What is clinical informatics?
When I ask other health and care professionals what 'clinical informatics' means to them, they usually say it's all about IT and digital care records. But that's really a description of the much broader field of health informatics.
Clinical informatics is specifically focussed on the use of information and communication technologies (ICT) and information management, to support the commissioning, planning, delivery, evaluation, and improvement of care services- which benefit patients and clinicians. For years we have faced challenges in the health and social care system, with the gaps in information meaning that professionals often don't have access to the right data-such as patient medications or diagnosis.
Now digital care records are at the heart of clinical informatics, as the health and social care system aims to move towards integrated person-centred records, where the patient and the professionals involved in their care can access all the relevant information in real-time. However, the lack of relevant national information standards has prevented the development of digital care record systems. But once developed, they could easily transfer data between different systems, or provide a single point of access to an integrated care record for each patient.
Two of the key concerns surrounding the development of standards have been the specification for care record headings and the choice of clinical terminology for coding key patient data, namely SNOMED Clinical Terminology (SNOMED CT). The use of SNOMED CT will mean that practitioners are recording data that is comparable across England, and easily understood by all care record systems.
The use of a standard set of care record headings will ensure that data is recorded with the correct context. For example 'able to dress self independently' could be recorded in an assessment, as an agreed goal, or recorded as an outcome following interventions. Context is critical to understanding the meaning of clinical data items. The Professional Record Standards Body (PRSB) is undertaking a range of projects to develop national information standards that are essential to the delivery of integrated, person-centred digital care records.
Some of the key developments rely on action by health and care professional associations and professional bodies. For example, the development of professional subsets for inclusion in SNOMED CT requires that each profession or specialty agree a list of terms that are routinely used by their practitioners. This task is complicated when a profession is involved in many different areas of practice, and needs customised lists for each specialty - like the nursing profession.

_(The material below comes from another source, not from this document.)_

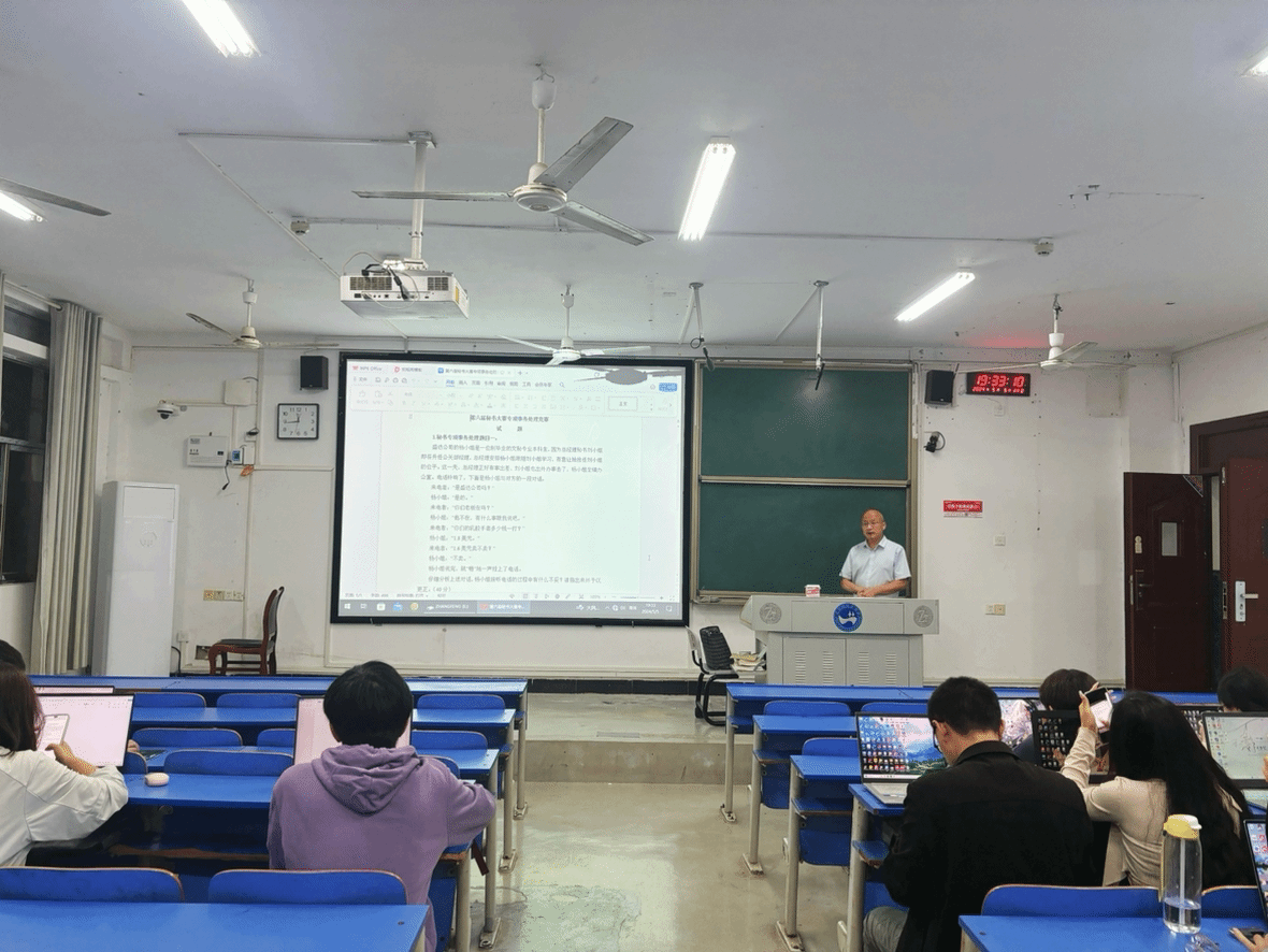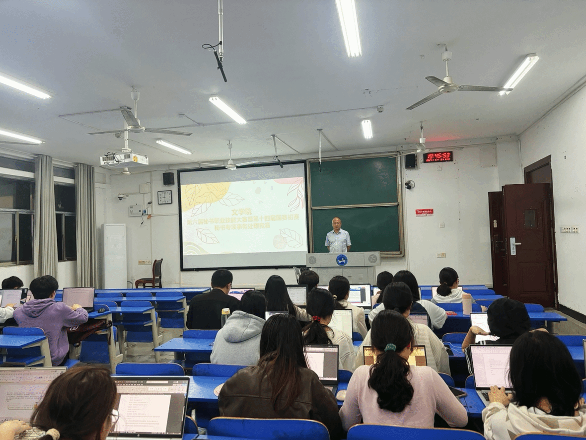今年会文学院秘书专项事务竞赛在致远楼211教室成功举办。此次竞赛旨在提升秘书学专业学生的实务操作能力。竞赛于2024年5月5日晚上19:30准时开始,由秘书专业负责人张峰老师主持,28位选手参赛。

Other developments are difficult because there is no consensus on the information requirements. For example, the recording and display of alerts and warnings, and the processes for ensuring these are updated for all care services currently involved with a patient. Finally, data recorded for direct patient care is anonymised and also used for a variety of secondary purposes. For example: service commissioning, service evaluation, clinical audit, clinical research, and national statistics. Whilst the digital care record is central to clinical informatics, there are many other ways that ICT and data analytics are used in health and care services. From telecare and telehealth to mobile health, apps, imaging, and gene technologies, the scope for digital health is growing by the day. Clinical informatics is relevant to all practitioners and managers, whether that's limited to keeping up to date with the latest developments, or being more actively involved in local pilot projects or implementation of national information standards.